A few tables over, a group of boys were busy designing their own music museum.

Raymond Craig pointed out each section of the museum in his group’s design.

“Over here you can listen to lyrics, and here is where you can listen to the musicians tell their stories. In this section, you can act out your favorite music group,” Raymond said.

Overseeing the students’ work was Peg Koetsch, a traveling artist with the John F. Kennedy Center for the Performing Arts.

Koetsch has spent the past few days in Selma teaching students in the Selma City and Dallas County public school systems about the functions of a museum through her Museum-in-Progress program.

The Selma Arts Council sponsored Museum-in-Progress through its Partners in Education program with the Kennedy Center.

Museum-in-Motion began in the fall when Koetsch hosted workshops for teachers at Selma Middle, Dallas County High and Southside High on the process of creating educational exhibits.

Koetsch said the assignment on Friday was to get CHAT students thinking about what type educational exhibit they would like to create and later unveil to the entire school.

“The purpose of this project is to turn the schools into museums,” Koetsch said. “The classes will work together to come up with a theme or themes the could merge together. Teachers will assign projects that students will work on together or as homework.”

The students will then create an exhibit using a wide variety of materials and artwork.

Marsha Carmichael, one of the CHAT teaches involved in the program, said the students have not yet decided what type of museum display they would like to create.

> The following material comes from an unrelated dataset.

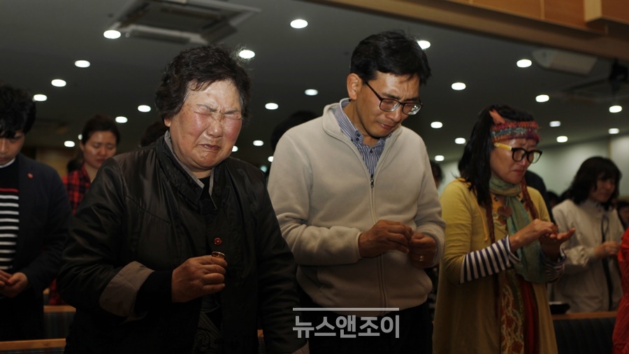 이날 참석자들은 치유와 회복을 위한 공동 기도를 올렸다. 주보에 실린 기도문을 다같이 읽었다. 차마 소리를 내지 못하고 눈물을 흘리며 눈을 감는 이도 있었다.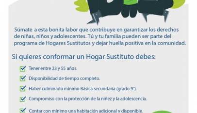 El Instituto Colombiano de Bienestar Familiar (ICBF) y la Corporación Amor por Colombia (AXC) invitan a participar en la modalidad de atención de Hogar Sustituto, que brinda una oportunidad a niños, niñas y adolescentes al ofrecerles un espacio donde puedan ser acogidos, protegidos y acompañados de manera provisional por una…

“We’re just getting started with trying to find an idea and collect our artifacts,” Carmichael said.

CHAT students paid a visit to the National Voting Rights Museum on Friday after completing their drawings to get an idea of how real museum exhibits are displayed and presented to the public.

Sandy Greene, head of the Selma Arts Council, said the Museum-in-Motion program is the last Arts Council-sponsored program for this year and, possibly, even longer.

“Since 1996, we have been associated with the Kennedy Center to bring artists from all over the country here for teacher workshops, residency programs and projects in the schools,” Greene said. “Because our funding has been cut so deeply, we are not going to be able to provide any more programs to city and county schools this school year. If we don’t secure more funding, we may have to dissolve the Arts Council altogether.”

Greene said the Selma Arts Council is funded through membership, donations, the City of Selma and the Alabama State Council on the Arts.

“We receive matching grants from the Alabama State Council on the Arts,” Greene said. “The City of Selma usually gives us the match, but we got cut from the city’s budget this year and that has really hurt us.”

Carmichael said teachers appreciate the work of the Selma Arts Council in providing the schools with unique and fun programs.

“We are preparing to have big unveiling of our displays this April,” she said.